Work to be completed
Give the listing back in full, exactly as written, with the pictures removed.

Source data
☆ ☆ ☆ ☆ ☆ ☆ ☆
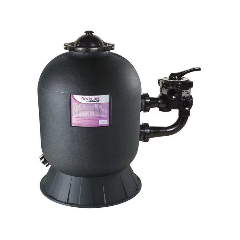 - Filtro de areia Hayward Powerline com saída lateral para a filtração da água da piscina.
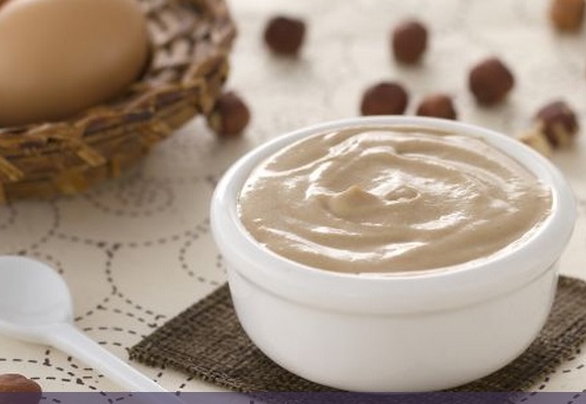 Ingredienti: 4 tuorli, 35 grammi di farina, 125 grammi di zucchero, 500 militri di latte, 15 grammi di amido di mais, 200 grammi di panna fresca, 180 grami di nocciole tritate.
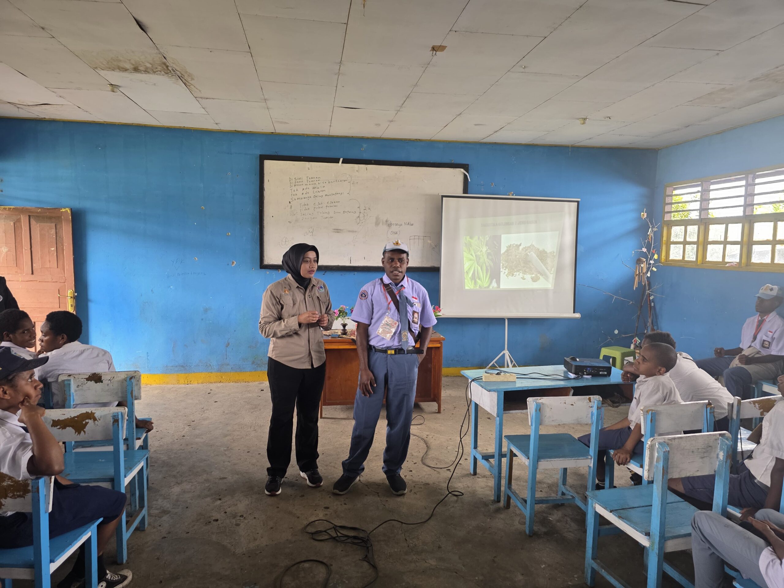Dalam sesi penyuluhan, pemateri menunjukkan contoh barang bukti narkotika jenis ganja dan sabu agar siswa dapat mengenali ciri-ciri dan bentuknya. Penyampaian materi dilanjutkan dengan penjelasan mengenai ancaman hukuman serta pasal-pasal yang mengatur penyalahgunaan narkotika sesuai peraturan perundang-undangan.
☆ ☆ ☆ ☆ ☆ ☆ ☆
Response to the exercise
 - Filtro de areia Hayward Powerline com saída lateral para a filtração da água da piscina.
 Ingredienti: 4 tuorli, 35 grammi di farina, 125 grammi di zucchero, 500 militri di latte, 15 grammi di amido di mais, 200 grammi di panna fresca, 180 grami di nocciole tritate.
Dalam sesi penyuluhan, pemateri menunjukkan contoh barang bukti narkotika jenis ganja dan sabu agar siswa dapat mengenali ciri-ciri dan bentuknya. Penyampaian materi dilanjutkan dengan penjelasan mengenai ancaman hukuman serta pasal-pasal yang mengatur penyalahgunaan narkotika sesuai peraturan perundang-undangan.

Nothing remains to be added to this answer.